Returning home with our girl however, as if just to cheer us up, we were greeted with eight new lives! This is the polytunnel coop musco-teer.

latest new family

First thing this morning, I checked the rescued Muscovy eggs in the incubator. They’ve been in there for a few days now but the eggs were unchanged. So I turned off the incubator. Ten minutes later, whilst I was preparing breakfast, Kevin started to clear the eggs out and the exclaimed, “They’re alive!” One egg had pipped and it was cheeping at him! Incubator back on, water added for humidity and it wasn’t long before there were three successfully rescued muscovy ducklings playing football with the other eggs!

rescued

It is now 6.15p.m. and we’ve introduced the three newcomers to Puff, Biggles and the musco-teer.
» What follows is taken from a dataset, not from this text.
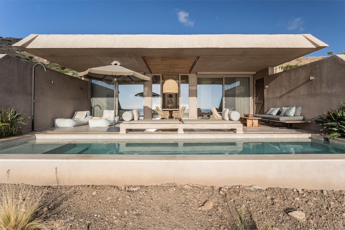 Deniz manzaralı ve özel havuzlu iki yatak odalı villa

It looks very much as though they are accepted although I think that they will have to spend a restful night before joining the ‘big’ guys permanently. At the moment they are under the infra-red lamp in the duck house. When all the others retire for the night, we shall let them join the group. Fingers crossed! As I write, a fourth duckling has pipped in the incubator, so who knows what I’ll find tomorrow!

keeping warm

A jumbled week

April 12, 2014

tulipsThe horizontal rain has returned so no VIEW today. I haven’t the heart to show a non-view of the ridge again, so this is an indoor spring-like shot instead!
What a week! Last Sunday, we were expecting our first guests of the season; four guys who made their reservation back in December. What we didn’t expect were four guys on motorbikes, one of them being Kevin’s uncle who we’ve not seen for about twenty-five years! So our Bed and Breakfast involved dinner too on Sunday, but only after Kevin got to go out and drive around the island with the surprise guests. They got drenched!

kevin

bikers

Recovery after late-night socialising was difficult as we’ve had guests for most of the week. It’s so difficult to get back into the breakfast routines after a six-month break but I’m sure that we’ll regain the hang of it soon! After our surprise start to the season, the whole week seems to have been a catalogue of unexpected (some unwanted) events. The first one was when I decided to finally use the compost from the wormery. I’d planned to use it in the polytunnel but my plans were soon dashed when we removed the top few inches containing the worms to discover that the ‘compost’ appeared to consist mainly of un-composted eggshells! It was impossible to separate the shells and we had to throw the whole lot into the outdoor compost heap, in the hope that creatures other than worms will be able to tackle them.

compost disaster

I guess that B and B quantities of eggshells are just to much to handle! So, this season a maximum of a dozen eggs, finely crushed, per week methinks!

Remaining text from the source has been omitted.